The mathematical description of the plane
To define a plane in space, we present a general equation:
A × x + B × y + C × z + D = 0
Here, Latin capital letters represent specific numbers. The first three of them determine the coordinates of the normal plane vector. If it is denoted by n¯, then:
n¯ = (A; B; C)
This vector is perpendicular to the plane; therefore, it is called a guideline.

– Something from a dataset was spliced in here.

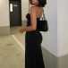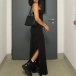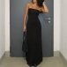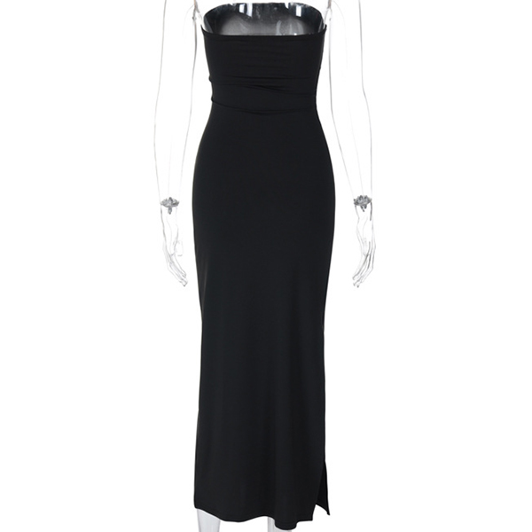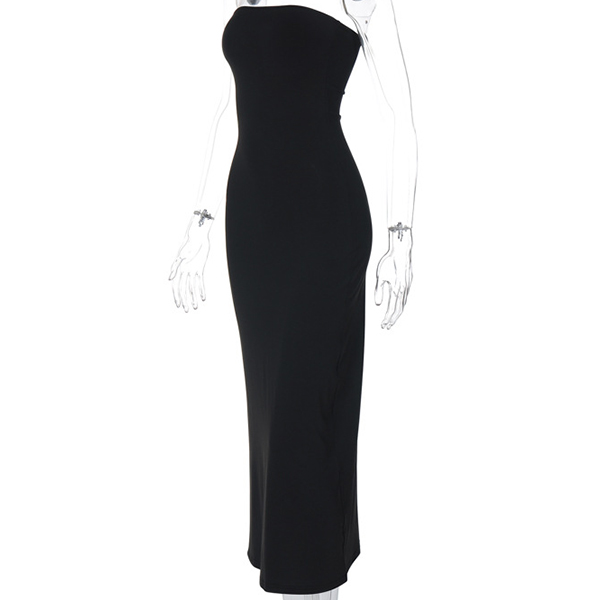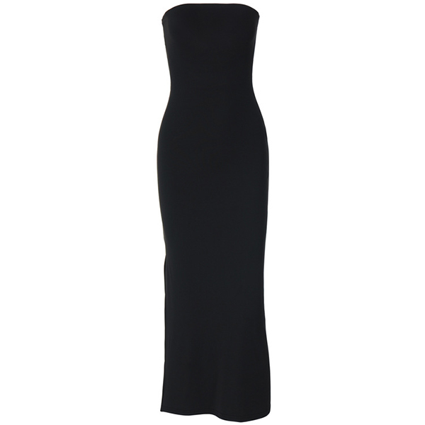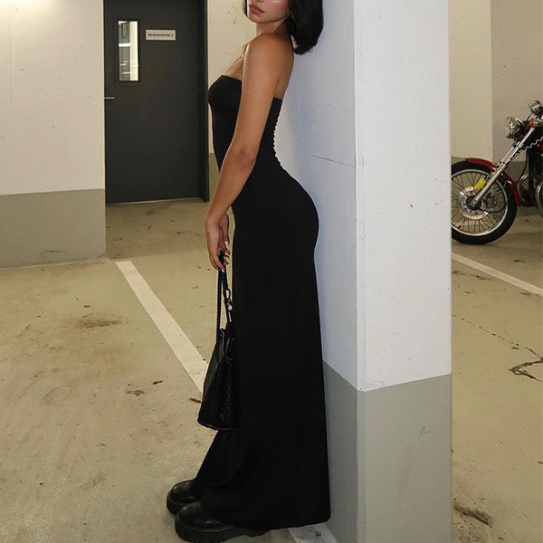 This sultry black dress features a strapless neckline that highlights your shoulders and collarbone, exuding effortless elegance. Pair it with high heels and minimal accessories for a sleek, sophisticated look.

His knowledge, as well as the known coordinates of a point belonging to the plane, uniquely specify the latter.
If the point P (x 1 ; y 1 ; z 1 ) of the plane belongs, then the free term D is calculated as follows:
D = -1 × (A × x 1 + B × y 1 + C × z 1 )
We solve a couple of problems using the general equation for the plane.
The problem of finding a normal plane vector
The plane is defined as follows:
(y - 3) / 2 + (x + 1) / 3 - z / 4 = 1
How to find a guide vector for her?
It follows from the above theory that the coordinates of the normal vector n¯ are the coefficients facing the variables. In this regard, to find n¯, one should write the equation in general form. We have:
1/3 × x + 1/2 × y - 1/4 × z - 13/6 = 0
Then the normal plane vector is:
n¯ = (1/3; 1/2; -1/4)
The task of compiling a plane equation
Given the coordinates of three points:
M 1 (1; 0; 0);
M 2 (2; -1; 5);
M 3 (0; -2; -2)
What will the equation of the plane containing all these points look like?

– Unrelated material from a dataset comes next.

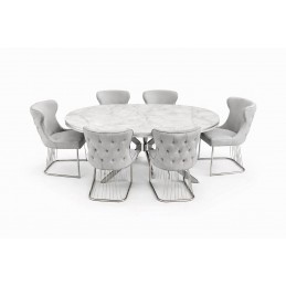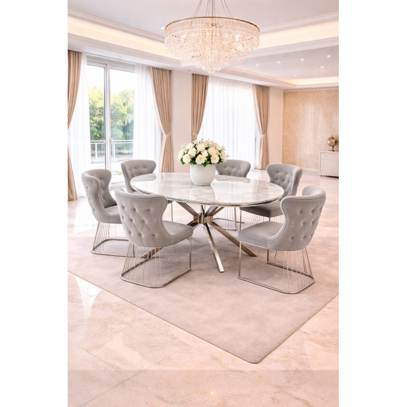 Set masă dining lux ovala MDF 170x90 cm fixa cu 6 scaune tapițate – design elegant cu accente argintii

Through three points that do not belong to one line, only one plane can be drawn. To find its equation, we first calculate the direction vector of the plane n¯. To do this, proceed as follows: find two arbitrary vectors that belong to the plane, and calculate their vector product. It will give a vector that will be perpendicular to this plane, that is, n¯. We have:
M 1 M 2 ¯ = (1; -1; 5); M 1 M 3 ¯ = (-1; -2; -2);
n¯ = [M 1 M 2 ¯ × M 1 M 3 ¯] = (12; -3; -3)

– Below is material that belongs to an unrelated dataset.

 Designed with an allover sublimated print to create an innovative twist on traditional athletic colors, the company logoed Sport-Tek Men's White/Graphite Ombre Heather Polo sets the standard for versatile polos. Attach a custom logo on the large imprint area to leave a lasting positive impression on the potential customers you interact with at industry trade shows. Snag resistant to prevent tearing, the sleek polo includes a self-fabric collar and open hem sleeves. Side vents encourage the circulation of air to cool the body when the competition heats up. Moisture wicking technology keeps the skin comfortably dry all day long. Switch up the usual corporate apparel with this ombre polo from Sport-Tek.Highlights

Take the point M 1 to compose the expression of the plane. We get:
D = -1 × (12 × 1 + (-3) × 0 + (-3) × 0) = -12;
12 × x - 3 × y - 3 × z - 12 = 0 =>
4 × x - y - z - 4 = 0
We got an expression of a general type for a plane in space, first defining a directional vector for it.
The property of a vector product should be remembered when solving problems with planes, because it allows you to easily determine the coordinates of a normal vector in a simple way.